На обоих отцов эта третья операция оказала глубокое действие. Шумливость Рокентина, упрямое желанье все видеть в розовом свете, сомнительные шутки — все исчезло, и не постепенно — в одночасье, будто сжалась гигантская рука, разом выжав из него надежду. Фрайхерр, со своей стороны, впервые в жизни сомневался, нет, не в основах своей веры, но в вопросе о том, что делать дальше. До самого конца августа оттягивал он посещенье Йены. Но тут уж решился — ехать, взять с собою как можно больше членов семейства, и в Шлёбене заночевать. Отчасти это была еще попытка избавиться от братца, который загостился в Вайсенфельсе. «Я здесь останусь, брат, покуда не увижу, что мои советы не нужны более».

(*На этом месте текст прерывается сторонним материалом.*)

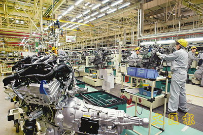 ■德國一報告表明,23年後,發展強勁的中國將成為世界經濟的領頭羊。圖為天津一汽車廠車間。資料圖片
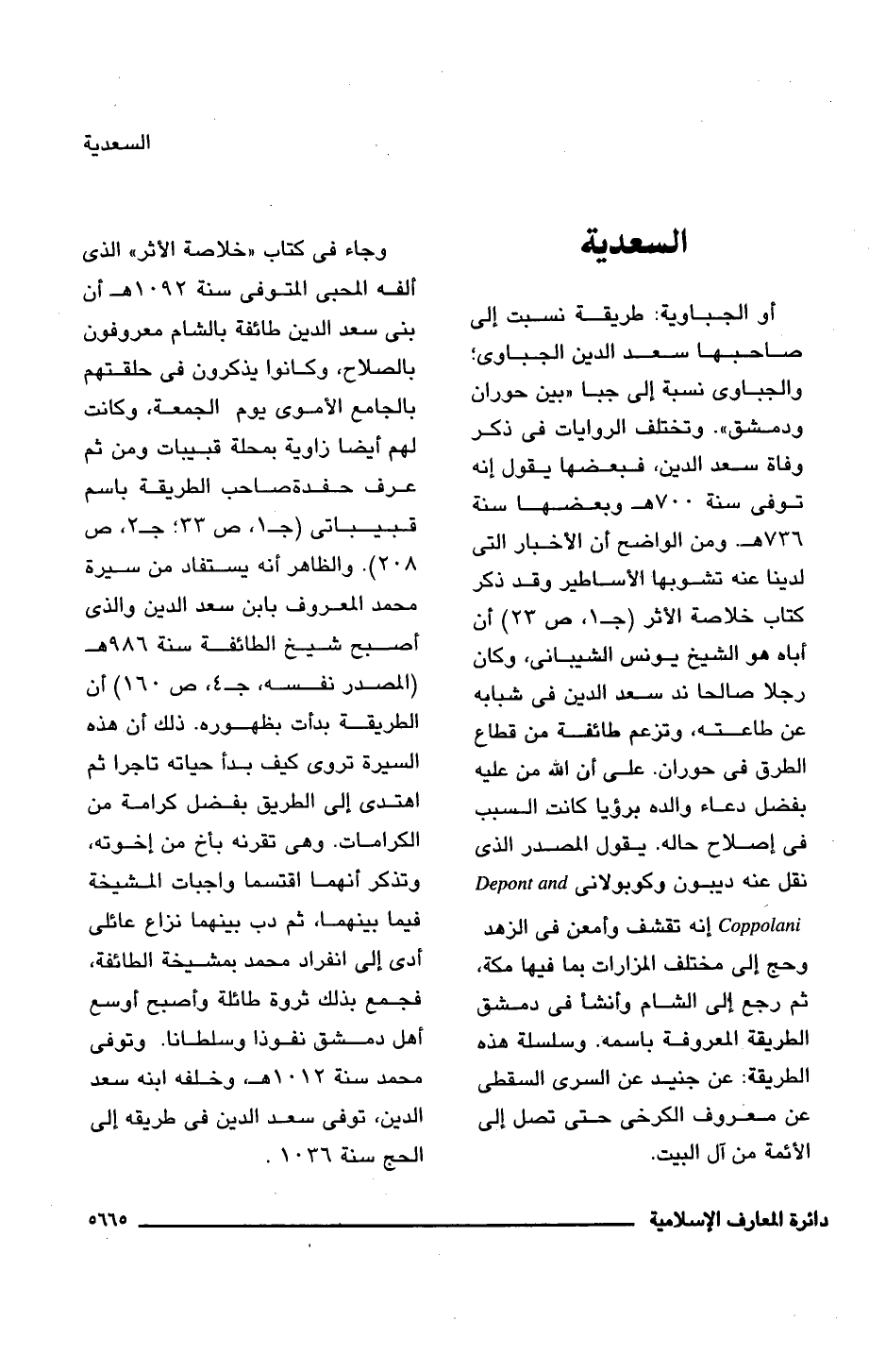 وجاء فى كتاب "خلاصة الأثر" الذى ألفه المحبى المتوفى سنة 1092 هـ أن بنى سعد الدين طائفة بالشام معروفون بالصلاح، وكانوا يذكرون فى حلقتهم بالجامع الأموى يوم الجمعة، وكانت لهم أيضًا زاوية بمحلة قبيبات ومن ثم عرف حفدة صاحب الطريقة باسم قبيباتى (جـ 1، ص 33؛ جـ 2، ص 208). والظاهر أنه يستفاد من سيرة محمد المعروف بابن سعد الدين والذى أصبح شيخ الطائفة سنة 986 هـ (المصدر نفسه، جـ 4، ص 160) أن الطريقة بدأت بظهوره. ذلك أن هذه السيرة تروى كيف بدأ حياته تاجرا ثم اهتدى إلى الطريق بفضل كرامة من الكرامات. وهى تقرنه بأخ من إخوته، وتذكر أنهما اقتسما واجبات المشيخة فيما بينهما، ثم دب بينهما نزاع عائلى أدى إلى انفراد محمد بمشيخة الطائفة، فجمع بذلك ثروة طائلة وأصبح أوسع أهل دمشق نفوذا وسلطانا. وتوفى محمد سنة 1012 هـ وخلفه ابنه سعد الدين، توفى سعد الدين فى طريقه إلى الحج سنة 1036.

— Очень хорошо, — сказал фрайхерр, — ты, стало быть, не едешь в Шлёбен.

И велел приготовить только шесть или семь спален.

Для них самих и для недельных запасов съестного понадобились обе кареты и четверка многострадальных лошадей. Фриц уже приехал в Йену, Антон оставался в военном училище в Шульпфорте, зато Карл был дома: половину офицеров его полка уволили по отпускам, когда Саксония вышла из коалиции против французов, — и была еще Сидония, был еще Эразм. Бернарду не хотелось ехать, но того менее хотелось ему оставаться в Вайсенфельсе с младенчиком, слугами и дядей.

Фрайфрау, трясясь в карете рядышком с Эразмом, понимала, что неприлично, притом, как огорчается она из-за Софи, даже самой себе признаться хоть в минутном счастье, но сердце в ней зашлось, когда, свернув в знакомую долину, впервые за три года она завидела знакомые большие трубы Шлёбена и купы тополей. Она всегда любила это место. Быть может, оттого, что, плотно обступая дом, тополя эти ее будто защищают, ей здесь покойно, как нигде. И здесь Антон родился и эта девочка, Бенинья — не выжила, бедняжка. И муж, известно, говорил, хоть они теперь и редко здесь бывают, что ни под каким, мол, видом он не расстанется со Шлёбеном.

— Наши трубы! — завопила сидевшая на козлах рядом с кучером Сидония.

Вот старый дуб проехали, веревки от качелей еще висят, одна с высокой ветки, другая с той, что пониже. Направо горбатый мост, перескочив через ручей и тропку, ведет на ферму и к часовне.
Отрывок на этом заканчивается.